__DATA FOR THIS EXERCISE__
........

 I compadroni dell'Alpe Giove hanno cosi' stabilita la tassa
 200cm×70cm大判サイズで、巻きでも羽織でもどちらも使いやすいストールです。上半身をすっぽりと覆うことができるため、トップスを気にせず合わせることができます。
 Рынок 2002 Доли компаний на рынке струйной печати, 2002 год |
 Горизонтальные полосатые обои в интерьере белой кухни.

........

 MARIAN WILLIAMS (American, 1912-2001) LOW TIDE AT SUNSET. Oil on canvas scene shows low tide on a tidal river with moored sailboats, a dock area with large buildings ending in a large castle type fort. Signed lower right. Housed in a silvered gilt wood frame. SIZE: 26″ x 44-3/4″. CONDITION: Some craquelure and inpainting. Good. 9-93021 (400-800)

........

__TASK DESCRIPTION__
Which lines above run from the one containing "I compadroni dell'Alpe" to the one containing "Горизонтальные полосатые обои"? Give them again exactly, both ends included.

__ANSWER AREA__
 I compadroni dell'Alpe Giove hanno cosi' stabilita la tassa
 200cm×70cm大判サイズで、巻きでも羽織でもどちらも使いやすいストールです。上半身をすっぽりと覆うことができるため、トップスを気にせず合わせることができます。
 Рынок 2002 Доли компаний на рынке струйной печати, 2002 год |
 Горизонтальные полосатые обои в интерьере белой кухни.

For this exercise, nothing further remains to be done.